Ah, yes. There were we all were. Our readymade family walking hand in hand, once again in Happy Ever After Street.
‘Okay,’ I said tentatively. ‘You have my full attention. If you’re truly serious, then I’m open to the idea of starting again.’
Lisa now appeared to be choking on her own tongue.
‘Good,’ said Robin sounding relieved.
‘Have you an agency in mind?’ I ventured.
‘Agency?’ queried Robin in surprise. ‘I don’t think we need go through anything like that.’
Oh no. Not a black-market baby. I couldn’t do anything illegal.
‘I want everything above board, Robin,’ I asserted.
‘For what?’ he said in confusion.
‘The adoption, of course,’ I cried.
Had sex with Samantha addled his brain? And that was another thing. That woman would have to go. Robin must employ someone else. Preferably an old boot. A matronly female on the cusp of retirement. Preferably one with a whiskery chin. I could see such a person now. A Mrs Doubtfire type with spectacles. Iron grey hair. A penchant for bobbly cardigans. Long skirts to cover her varicose veins.
It wasn’t lost on me that Samantha looked something like me. We both had long blonde hair and blue eyes. However, I was a jaded version of her. These days there was a puffiness to my eyes and the start of a sag to the jawline. The major difference, of course, was the age gap. Samantha was twenty-nine to my forty-nine. Bitch.
But for now I’d have to park my issues over Sexy Samantha. Mrs Doubtfire could be employed in due course. All in good time. Currently there were more pressing matters to discuss. Like that of our future child.
‘Tilly,’ said Robin cautiously. ‘I think we’re at cross purposes.’
My brow furrowed. What could I possibly have misunderstood?
‘You said no to IVF, but yes to adoption,’ I pointed out.
Lisa was now heaving gusty sighs. She threw me a look that translated as this is going to end in tears.
Robin cleared his throat.
‘I’m talking about us adopting a dog.’
‘A dog?’ I repeated stupidly.
‘Yes,’ said Robin, his tone indicating he was currently talking to someone educationally challenged. ‘A dog. I thought we could start with a trip to Battersea.’
‘But… I thought you meant a child ,’ I croaked, my eyes brimming.
Lisa flashed me another look. One that said I knew it . She stood up. Made her way to the small staff kitchen at the rear of the office. In crisis, resort to biscuits and a brew.

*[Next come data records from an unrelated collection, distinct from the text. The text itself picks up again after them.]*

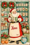 "Describe a heartwarming Christmas scene featuring Santa Claus in a cozy holiday shop. Santa, donning a bright red suit with a fluffy white trim, is standing with a cheerful smile, clutching two festive mugs decorated with holly and festive designs. His white beard is full and fluffy, and he's wearing blue gloves that contrast with his red attire. Behind him, a wooden shelf is adorned with an array of colorful ceramic mugs, each uniquely decorated for the holiday season. Some mugs are adorned with images of Christmas trees, decorations, and joyful scenes, while others are labeled with the word 'Xmas.' The shop is filled with holiday cheer, featuring bright red poinsettias and snow-dusted ornaments on the floor. A large window reveals falling snow outside, enhancing the warm and inviting atmosphere of this delightful holiday setting."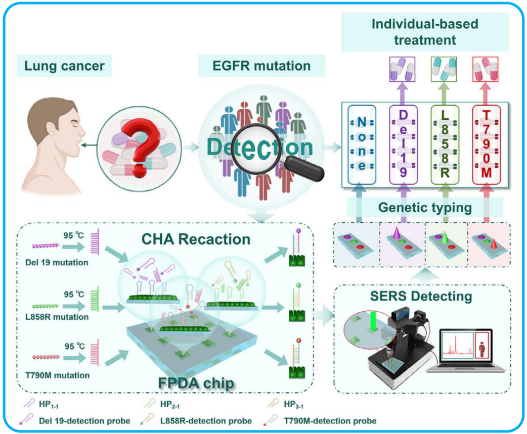 在精准治疗指导方面,提出基于SERS光学传感芯片的肺癌EGFR突变基因分型技术,凭借高分辨率基因变异检测能力,为靶向用药方案提供精准指导,推动肺癌治疗从“经验医学”向“精准医学”转型,该检测方法未来还可拓展至多种基因突变的快速识别(检测方案如图2所示),该成果发表于Laser & Photonics ReviewsIF 10.0),(论文链接:https://doi.org/10.1002/lpor.202570017,团队成员光电工程系范敏副教授为第一作者)。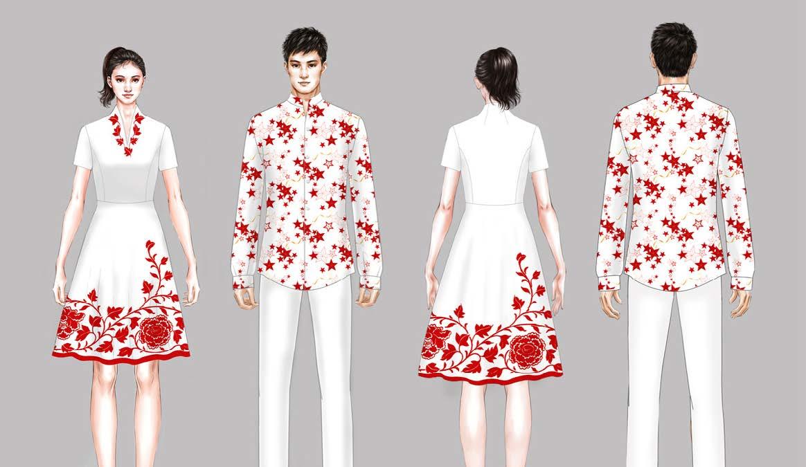 una chaqueta para las ceremonias de apertura y clausura. Estos uniformes, patrocinados por la marca china de ropa deportiva Anta, han sido bautizados como “Champion Dragon Clothes”, conservando el diseño tradicional de los elementos del dragón chino, los colores predominantes son el rojo y el blanco, simbolizan la herencia cultural de China.

‘No, Tilly,’ Robin tutted. ‘I’m not talking about a child. There’s been a misunderstanding.’
‘You can say that again,’ I snarled furiously, blinking away the tears.
‘So, are we both now on the same page?’
‘Yes, we’re talking about dogs.’
‘We are.’
‘In which case’ – I growled – ‘IF we get back together, I assume you’ll be getting rid of Samantha?’
‘Don’t be ridiculous,’ Robin spluttered. ‘Samantha is an excellent PA. Secretaries like her are scarcer than gold dust.’
For a moment I was too upset to speak. For one second there, I’d allowed myself to go down a path of new beginnings. Starting over with Robin. A later-in-life family. There had been no trust issues because Samantha hadn’t figured in this new future. Instead, I’d been offered a four-legged companion to keep me company while Robin continued to work late at the office alongside an attractive woman who had a bald vagina.
‘Thanks, Robin,’ I said, as Lisa returned. She set down a mug of steaming tea and a plate of bickies.
‘I’m glad you’ve seen sense,’ said Robin smugly. As well he might. It wasn’t every day a husband got away with porking his PA, telling the wife it was all her fault and that she should spend her evenings with a dog.
‘Rest assured that I’ve seen sense,’ I declared. I picked up a biscuit and took a savage bite. ‘This marriage’ – I announced, spraying crumbs across my keyboard – ‘is officially over.’